These results showed that mosquitoes in Mandi Bahauddin were present abundantly as compared to Jhang and Multan at average relative humidity 50–80%, average temperature 15–30 °C and rainfall 130 mm. This might be due to the change in the climatic conditions of these three districts as Multan is situated in North zone of Punjab and Jhang in Central zone where climatic conditions are slightly different as compared to Mandi Bahauddin where climatic conditions are favorable for survival of mosquitoes. Numerous studies36,37,38,39,40 support the findings here that also show association between climatic factors and mosquito seasonal activity. Moreover, these results are also in agreement with other studies which showed that on the increase in temperature, the abundance of mosquitoes reduced due to higher metabolic rate and lower respirations rate leading to increase in mortality, and 15–28 °C temperature range found to be more favorable for the survivability and proper growth of mosquito fauna41,42. It has been presented in studies that ovipositing, larval growth and mosquito activity increased on high humidity levels43,44. In some studies, 44–69% RH range has been reported as more favourable for mosquito abundance42,44. The average rainfall has positive impact on mosquito abundance due to increase in suitable breeding sites44. The precipitation range 80–120 mm was reported suitable for mosquito population in a study37. The population density, diversity and distribution of mosquito fauna are strongly affected by the fluctuations in the climatic (including average relative humidity, average temperature and rainfall) and ecological conditions4,45.
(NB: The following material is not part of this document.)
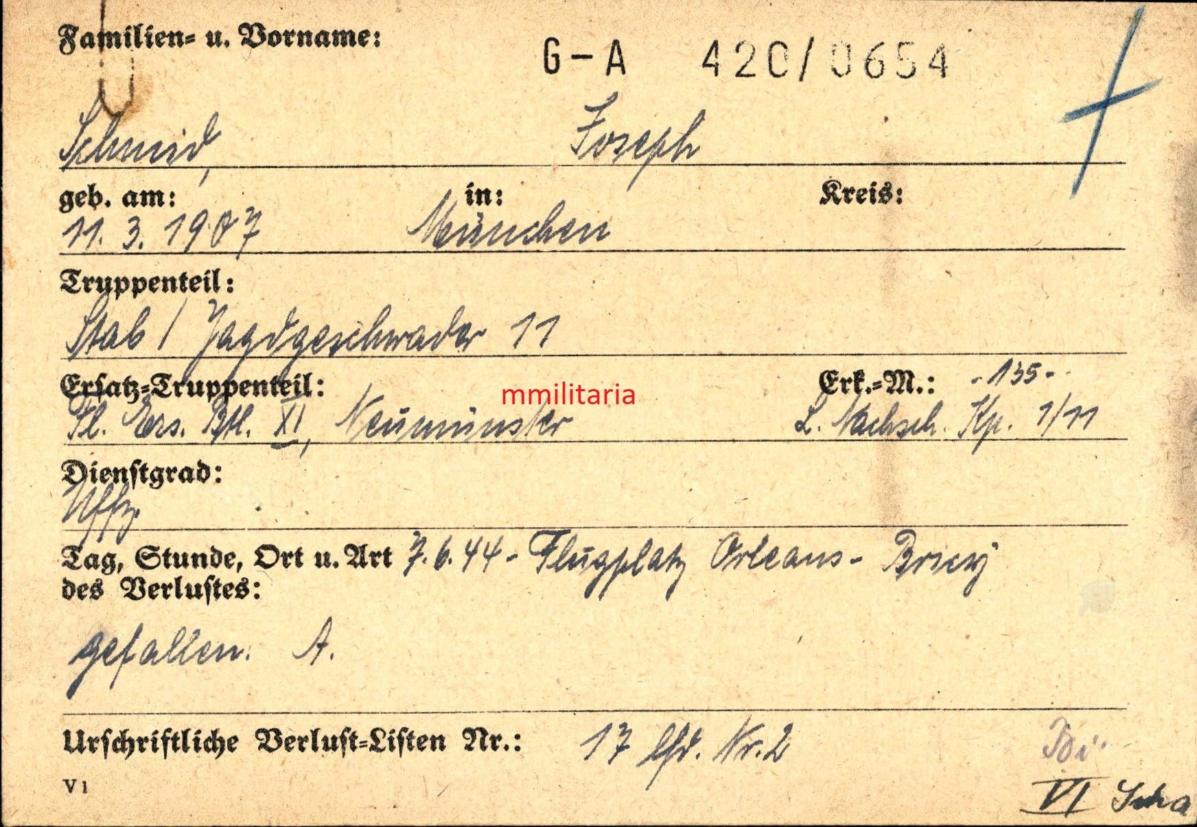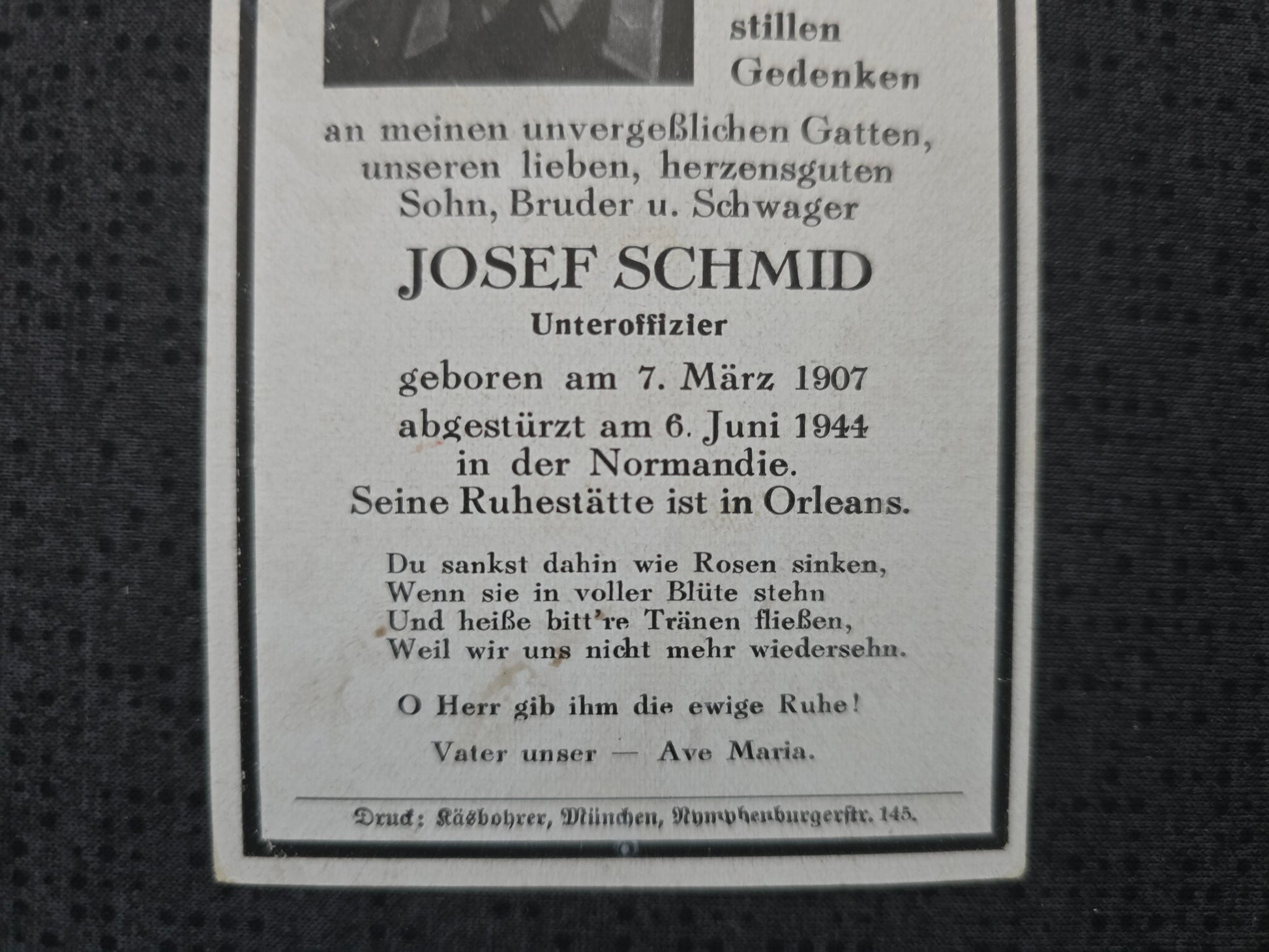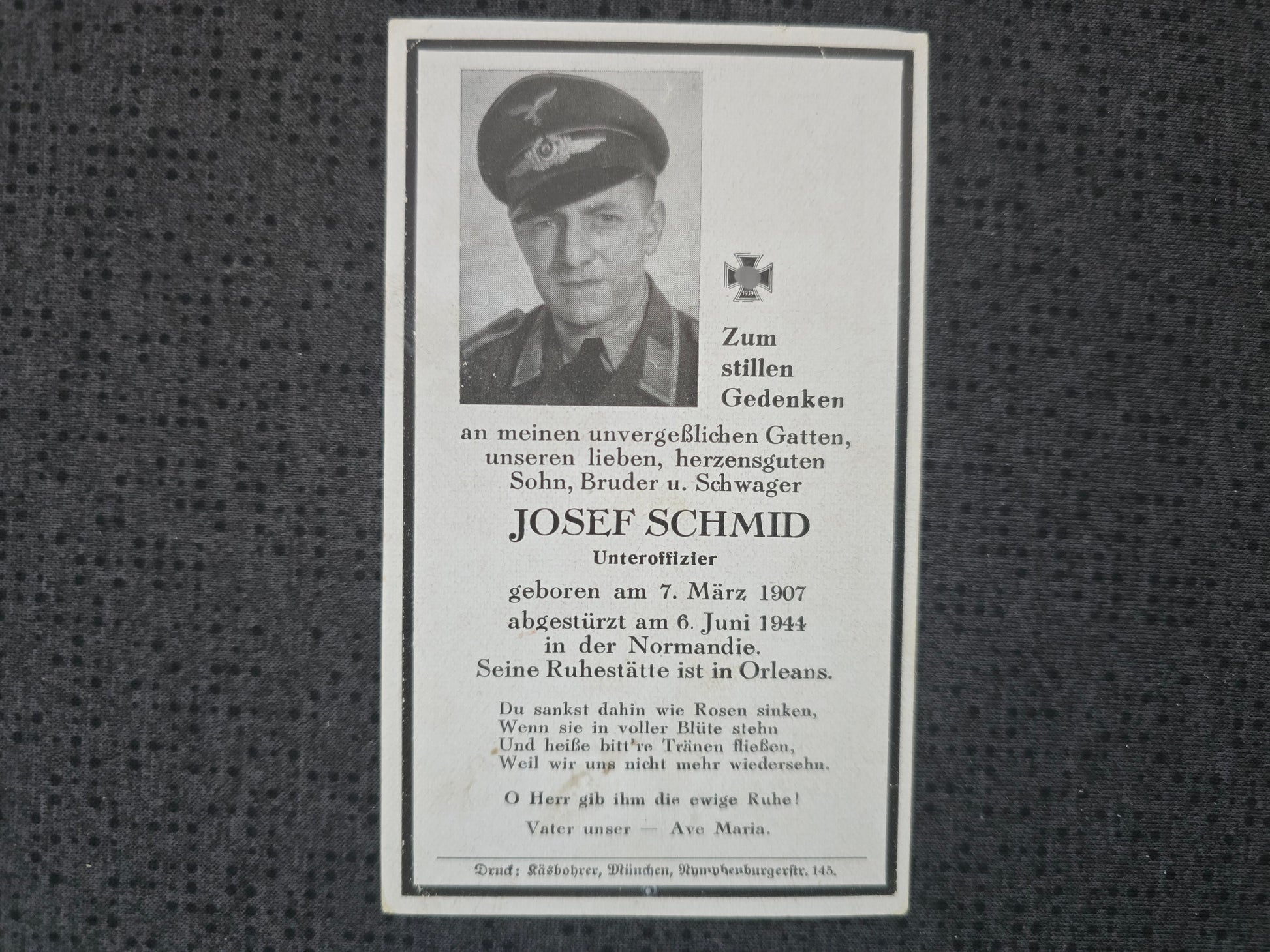 Sterbebild Unteroffizier München Stab/Jagdgeschwader 11 DDay Orleans-Bricy Normandie Frankreich

In the present study, through nested PCR, P. vivax and P. falciparum among Plasmodium species have been identified in the anopheline vectors, which is in agreement with the study of Soomro et al.46. The WHO reports on malaria in Pakistan state that P. vivax and P. falciparum are the only dominant malaria-causing species in Pakistan47, and similarly, in our study, only two species, P. vivax and P. falciparum were identified in the study regions.
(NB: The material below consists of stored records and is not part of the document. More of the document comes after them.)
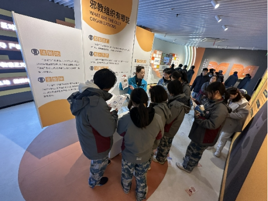 在宣讲员的带领下,学生们参观了上海市反邪教警示教育基地,系统学习反邪知识,了解国内外邪教组织及其社会危害。展厅内知识讲解、危害警示、实物展示、互动体验等功能区各有侧重,借助多媒体互动、实物陈列等青少年易接受的形式,让反邪教育既有趣味性,又能落到实处。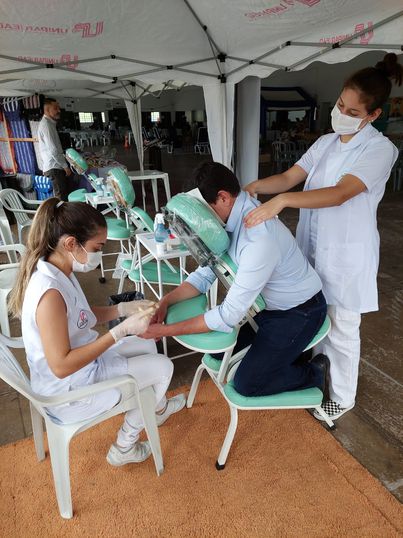 E, no dia 10 de março, a participação foi no evento Paraná em Ação, na cidade de Terra Boa, oferecendo aos visitantes e voluntários massagem e hidratação para as mãos.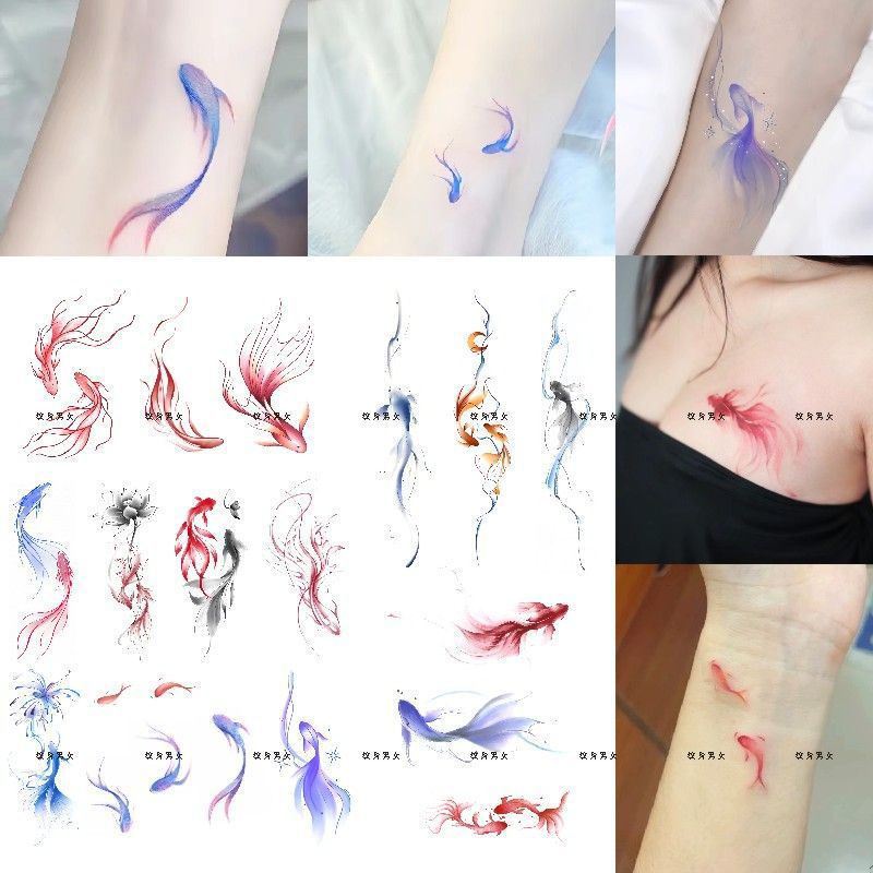 青い錦鯉カラーの刺青は女性の持続的な高級感を持ちます。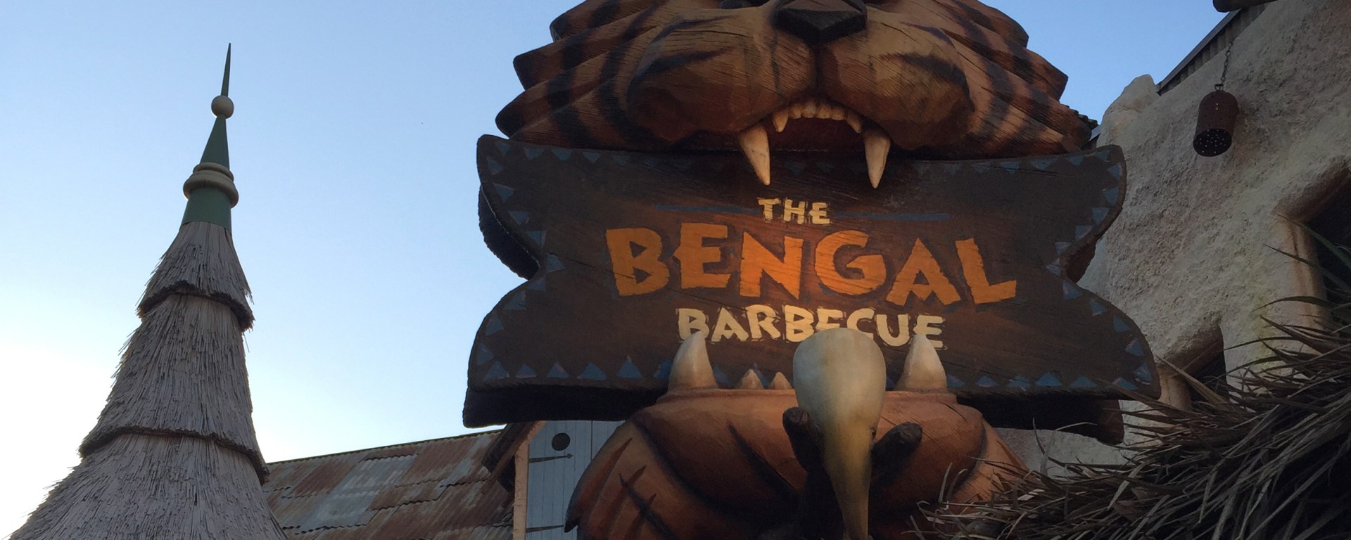 FOOD: Pretty much you are here for the skewers. While there are some other options, there aren’t many. But then isn’t it best when you know they concentrate on doing on thing well? And The Bengal Barbecue does skewers well! When it opened back in 1990 (I was there!) they were an instant hit and today they still are, but unlike other food places, this one never seems to have that bad of a wait and you don’t need a reservation. Today they feature six different skewers – the Chieftain Chicken Skewer in a tangy but sweet Polynesian sauce; the Bengal Beef Skewer which they say is marinated in a Zulu sauce but it’s very much akin to a tangy and sweet barbecue sauce; the Banyan Beef Skewer, a pretty spicy option but full of power and flavor; Outback Vegetable Skewer; and the Safari Skewer which is bacon-wrapped asparagus. Recently, they’ve added a bonus skewer – the BBQ Pork Belly Skewer! They’ve described it as “grilled pork belly served on a ‘boat’ of iceberg lettuce, topped with Hoisin sauce, pickled carrots, daikon, and cilantro.” All I can tell you is that it is darn good! My favorite of them all. They do have specialty drinks from time-to-time. My favorite is the Jungle Julep – a mix of pineapple, orange, lemon, and grape all in one. YUM! If they have it be sure to order it! Kind of like an Icee / slushee.

A similar study conducted in Faisalabad (Pakistan) reported the prevalence of the genus Plasmodium about 46% (14/30 pools) in Anopheles mosquitoes, along with P. falciparum and P. vivax25. The infection rate of 0.46% (566/123,286) for Plasmodium species was reported in the anopheline vectors in a systematic review and meta-analysis conducted in Thailand48. A study in Ubon Ratchathani Province, Thailand, detected P. vivax-210 and P. vivax-247 in the pooled Anopheles (1/29 pools; 3.45%) through ELISA and nested PCR49. Through the nested PCR technique, P. vivax was identified in DNA extracts (3/109; 2.75%) of Anopheles mosquitoes from the two provinces in Thailand50.
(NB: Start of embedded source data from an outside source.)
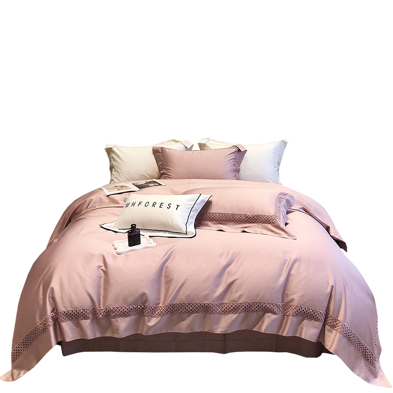 High-end 140-count horse cotton four-piece luxury pure-color lace pure cotton quilt cover long-staple cotton bedding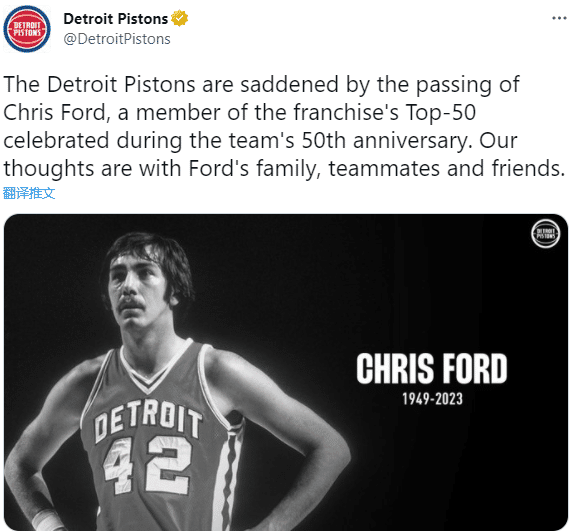活塞队追悼福特,发推:底特律活塞队对克里斯-福特的去世感到悲痛,他是球队成立 50 周年期间庆祝的球队top 50成员。我们与福特的家人、队友和朋友同在。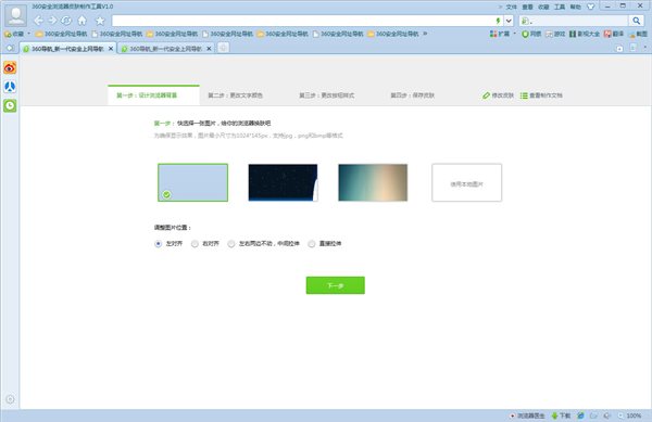 360安全瀏覽器皮膚制作工具可以讓用戶自己DIY瀏覽器皮膚,使用簡單方便。

All the following studies on malaria prevalence in Pakistan have been conducted on blood samples, either through conventional microscopy or molecular techniques. A slide positivity rate of 35% was reported for the Plasmodium genus along with two species of P. vivax (66.8%) and P. falciparum (30.7%) in Quetta, Pakistan51. Similarly, a study conducted in Punjab province (including five cities) presented P. vivax (73%), P. falciparum (18%), and 5% of mixed infections of these two species52. Moreover, a higher prevalence of P. vivax in comparison to P. falciparum (99.4% vs. 0.53%) was reported in Lal Qilla Lower Dir, Khyber Pakhtunkhwa (KPK), Pakistan53. In Multan, 60.5% P. vivax and 37.2% P. falciparum were reported54. In Northern and Southern Punjab (10 cities), P. vivax (53.4%), P. falciparum (18.7%), and mixed infections of these two species (12.7%) were reported based on molecular analysis of blood samples. In another study of 1,127 malaria-susceptible patients in Pakistan's KPK province, molecular analysis (nPCR) revealed an overall prevalence of 38% of the genus Plasmodium, with 87% P. vivax and 13% P. falciparum55. Furthermore, based on nPCR, P. vivax (81.1%), P. falciparum (13.8%), and mixed infections of these two species (4.9%) were reported56. The study conducted in tribal areas revealed a higher prevalence of Pvivax than Pfalciparum in March, while a contrast was observed in October57.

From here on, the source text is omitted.